Social media is the icing on the cake for Big Data, as it puts a face and name to the otherwise anonymous string of number it was once marketing too. Every computer has an IP address, much like a digital mailbox. It is the exact street address necessary for one computer to communicate with another. Big Data knows the targets IP address, unsurprisingly, but what they don’t know is who the person on the other end is. But in the last five years social media platforms have updated their terms of service to get in on the Big Data profits (Chinni). Now if the Big Data programs see a Facebook login on an IP address, they update the profile. Not with just the name, nor just the face, but rather with all the info they computer can easily categorize from the user profile (Zuriek). These programs even go so far as to consider the people on a user’s friends list to create a more accurate profile of the user, assuming their interests are the average of their peers.

But what, exactly, is the harm to such a system? If the cloud knows all the world’s favorite TV shows and what time they get to work, who gets hurt? Furthermore, social media is great for connectivity, the world has never had this much access to the opinions and lives of everyone. Big Data and declining privacy are the side effects of a genuinely beneficial system, as social media progresses so too does the society it represents. Americans are more aware of individual lives and stories across the nation thanks to platforms like Twitter, and movement that span coast to coast such as the growing support for LGBTQ rights and Occupy Wall street were born entirely out of social media connectivity and passion.

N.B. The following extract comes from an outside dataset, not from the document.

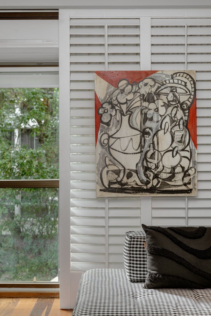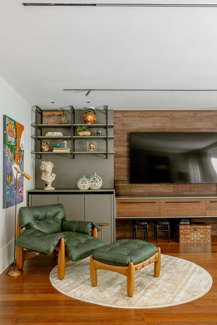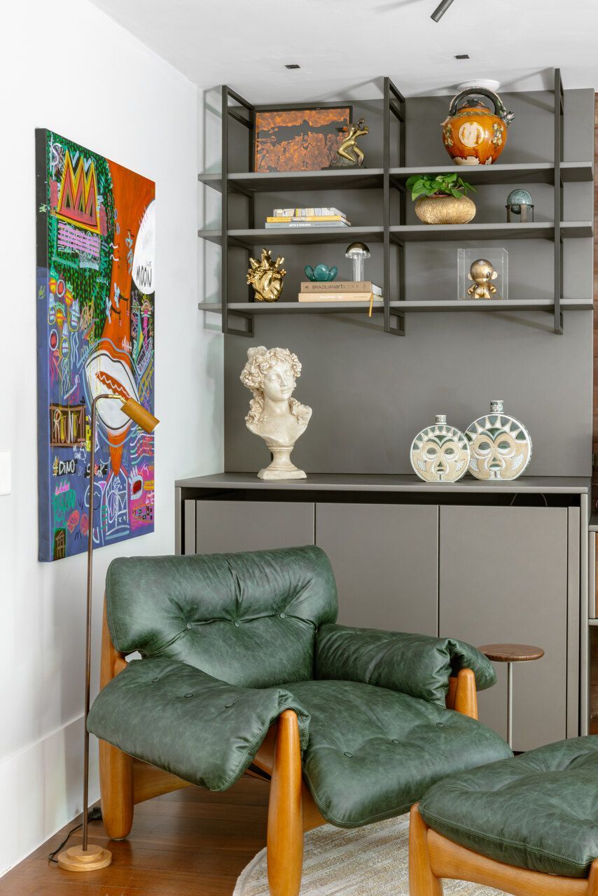 “O pedido central era que a casa respeitasse quem eles são. A família já possuía um mobiliário recente de um projeto nosso, além de um acervo de arte importante e uma forte relação afetiva com os objetos. O objetivo não era trocar tudo, mas reorganizar. Rever layout, circulação e usos, deixando a casa mais alinhada com o momento atual deles. Isso também incluiu intervenções mais ousadas, como o reestofamento do sofá em tecido xadrez e a poltrona Mole em verde.”
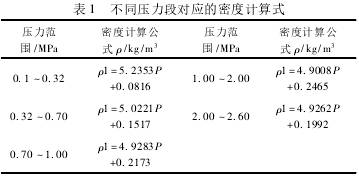 解決(jué)這個矛盾(dùn)的方法是(shi)分段拟合(he),即在不同(tóng)的壓力段(duàn)采用不同(tóng)的系數和(hé)常數。表1所(suǒ)示爲不同(tong)壓力段對(dui)應的不同(tong)密度計算(suàn)💰式[4]。

It is to the former that a citizen must look with caution, as an American citizen the right to privacy is one of the first and most important. Social media is not a problem; it is a reaction to a problem. Everybody wants to be famous. With the internet gaining so much clout in popular culture, being an internet star is not only feasible but common. Problematically the more you give to the world, the less you have for yourself. If the American people become accustomed to a lack of privacy, it will not be long before it is swept from under them completely and they will forget to notice (Rosen). In very Orwellian fashion the people have begun to self-monitor and it shows no signs of slowing unless they slow it themselves. As of today, no one is forcing the populace to participate in “Throwback Thursdays”. There will come a day where that notion will be a fantasy of a distant past wherein the people could still choose what they wanted to share. As the advancing surveillance state moves forward the country may seem more like 1984 than America, as the citizens will not know when or if they are being observed, sharing everything all the time more efficiently than Mark Zuckerberg could ever hope.

The buck stops at the people of the nation to change the way they look at privacy in their social media. Every new platform has some newly invasive terms of service for the users to blindly accept. It is the very same blind acceptance that will drive the country down this path of oversharing and Big Data compliance. There are few statements more frenzied than those akin to “They want you to remain ignorant.”. Which is why it is so painful to point out that they do in fact want you to remain very ignorant. The laws in the United States are rapidly evolving to favor the near endless conifers of Bid Data and lend themselves to ending net neutrality. It is in the countries best interest as a collective if the oversharing stops. Not just because the employers may see, not just because one day the next generation will see, rather because in this lifetime Americans will see the repercussions of their social media based life, when all the privacy once constitutionally protected has been willingly relinquished to no one in particular, for no reason other than everyone else was doing it.